◆ INPUT FOR THIS TASK
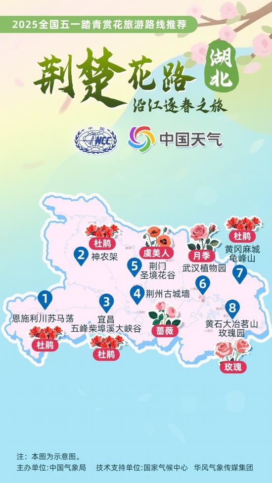 4月23日,中國(guó)氣象局參與文化和旅游部2025年全國(guó)“五一”文化和旅游消費(fèi)周活動(dòng),推出12條 “五一踏青賞花旅游路線”。每一條路線,都串聯(lián)起春日里最動(dòng)人的景致。在即將到來的五一假期,不妨從這些路線中挑選你心儀的一條,趁著春光正好,開啟一場(chǎng)與春日中國(guó)的浪漫邂逅。
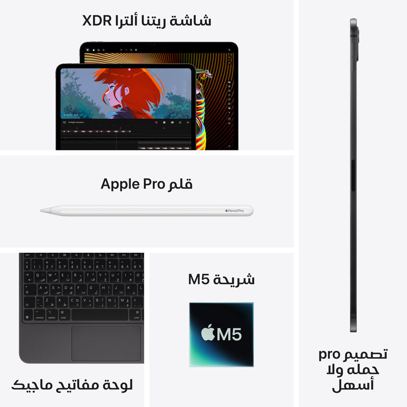يقدم جهاز iPad Pro، المدعوم بشريحة Apple M5، أداءً خرافياً لإنتاجية فائقة بلا مجهود ومهام ذكاء اصطناعي متقدمة. فبفضل شاشة ريتنا ألترا XDR المذهلة، وشبكة Wi-Fi 7 فائقة السرعة وشبكة 5G للاتصال الخلوي، والمسرّعات العصبية المخصصة لمهام الذكاء الاصطناعي، ونظام iPadOS بتصميمه الجديد، لا حدود لما يمكن تحقيقه مع iPad Pro. وعندما يقترن بقلم Apple Pro ولوحة مفاتيح ماجيك لجهاز iPad Pro، ستتدفق أناملك تنوعاً وإبداعاً وإنتاجيةً بلا حدود.
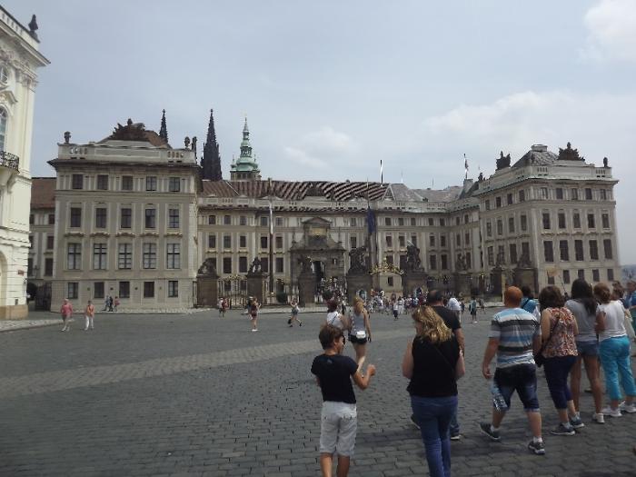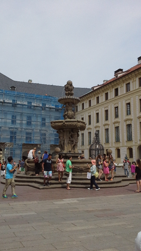 Подъезжаем к знаменитому Пражскому Граду.Дают нам на осмотр полчаса. мало конечно, но для того, чтобы осмотреть сам Град и его окрестности надо приезжать сюда конечно не в составе экскурсионной группы Сити-тура. Градчанская площадь перед президентским дворцом 2-й двор Пражского Града и Леопольдов фонтан
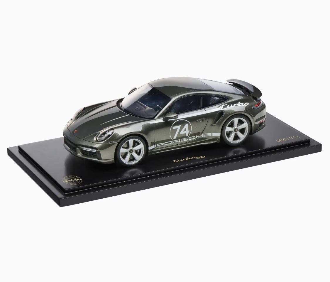 The exclusive 1:18 scale model of the Porsche 911 Turbo 50 (992) with Heritage Design Package showcases impressive attention to detail and deserves its place in any collection. The packaging also makes it the perfect gift for all Porsche fans. Made of resin. Aventurine Green exterior, Black interior.
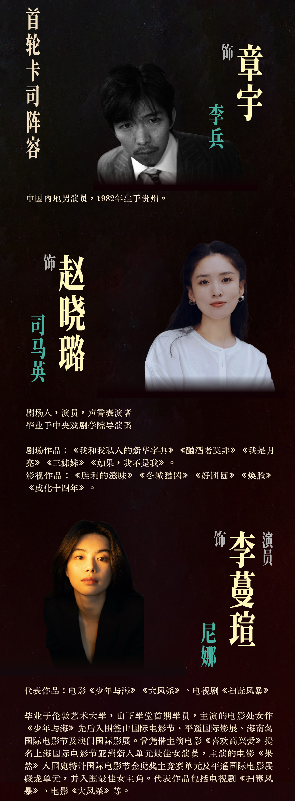 · 章宇:1982年生于贵州,早年就职于贵州省话剧团,中国内地男演员,兼职艺术家,“戏痴”,“轴演员”。话剧《遗爱寺》李兵的扮演者。这次和双雪涛导演的合作也是他阔别话剧舞台多年后的回归。
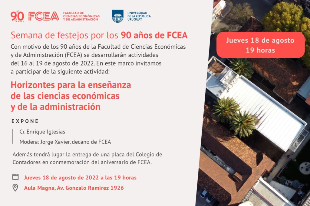 Con motivo de los 90 años de la Facultad de Ciencias Económicas y de Administración (FCEA) se desarrollarán actividades del 16 al 19 de agosto de 2022. En este marco invitamos a participar de la siguiente actividad:
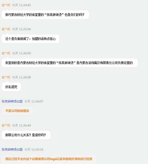 为什么说张亮起诉搞错了对象?据标哥经“张亮麻辣烫”官方客服求证,案件中的内蒙古浩翔餐饮有限责任公司此前只是“张亮麻辣烫”的加盟店,并非“张亮麻辣烫”的连锁店。
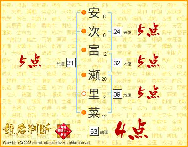 安(6画)次(6画)富(12画) 瀬(20画)里(7画)菜(12画)
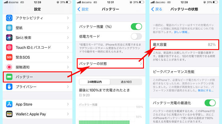 iPhoneを使っている方は、[設定]から[バッテリー]を選択して、[最大容量]を調べてください。
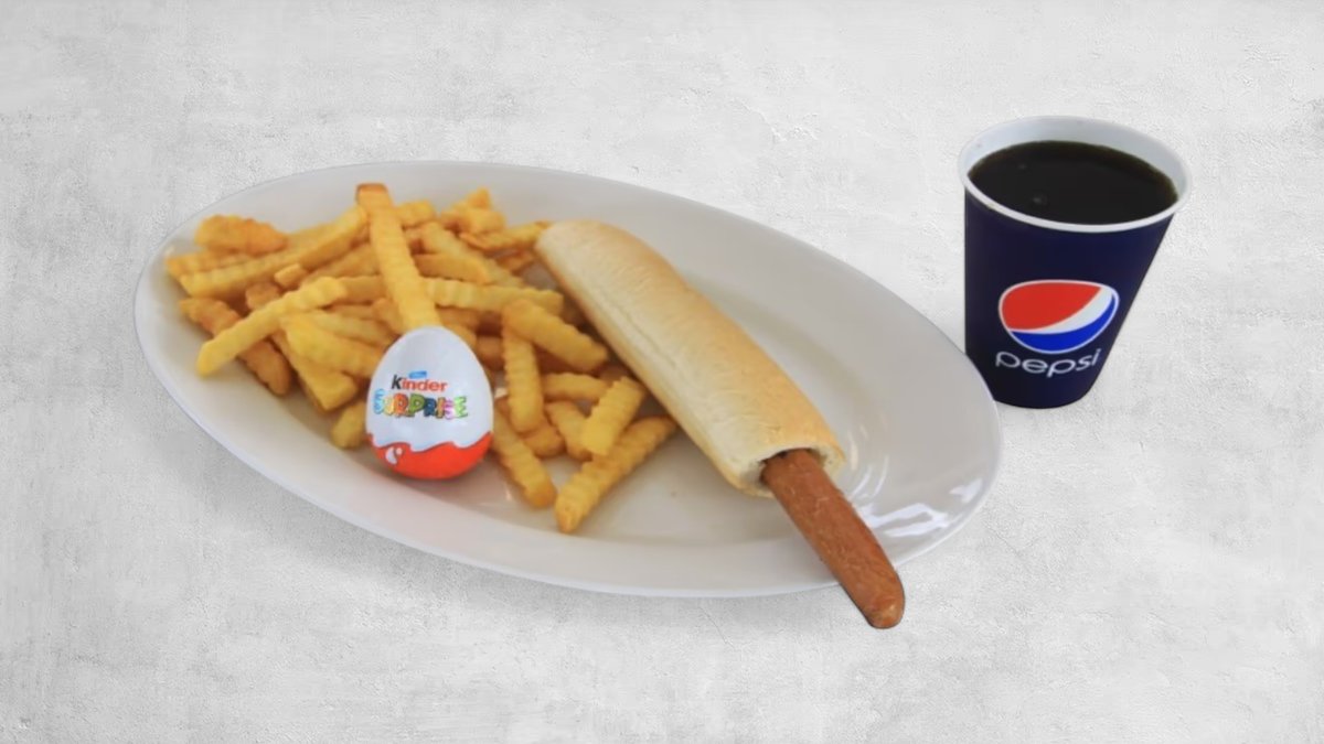 Serveres med pommes frites, saftevand og et kinderæg.

◆ ABOUT THIS TASK
Skip every picture and retype only the lines from the line with "The exclusive 1:18" through the last line of the listing, both ends included, exactly as they appear.

◆ OUTPUT OF THE EXERCISE
 The exclusive 1:18 scale model of the Porsche 911 Turbo 50 (992) with Heritage Design Package showcases impressive attention to detail and deserves its place in any collection. The packaging also makes it the perfect gift for all Porsche fans. Made of resin. Aventurine Green exterior, Black interior.
 · 章宇:1982年生于贵州,早年就职于贵州省话剧团,中国内地男演员,兼职艺术家,“戏痴”,“轴演员”。话剧《遗爱寺》李兵的扮演者。这次和双雪涛导演的合作也是他阔别话剧舞台多年后的回归。
 Con motivo de los 90 años de la Facultad de Ciencias Económicas y de Administración (FCEA) se desarrollarán actividades del 16 al 19 de agosto de 2022. En este marco invitamos a participar de la siguiente actividad:
 为什么说张亮起诉搞错了对象?据标哥经“张亮麻辣烫”官方客服求证,案件中的内蒙古浩翔餐饮有限责任公司此前只是“张亮麻辣烫”的加盟店,并非“张亮麻辣烫”的连锁店。
 安(6画)次(6画)富(12画) 瀬(20画)里(7画)菜(12画)
 iPhoneを使っている方は、[設定]から[バッテリー]を選択して、[最大容量]を調べてください。
 Serveres med pommes frites, saftevand og et kinderæg.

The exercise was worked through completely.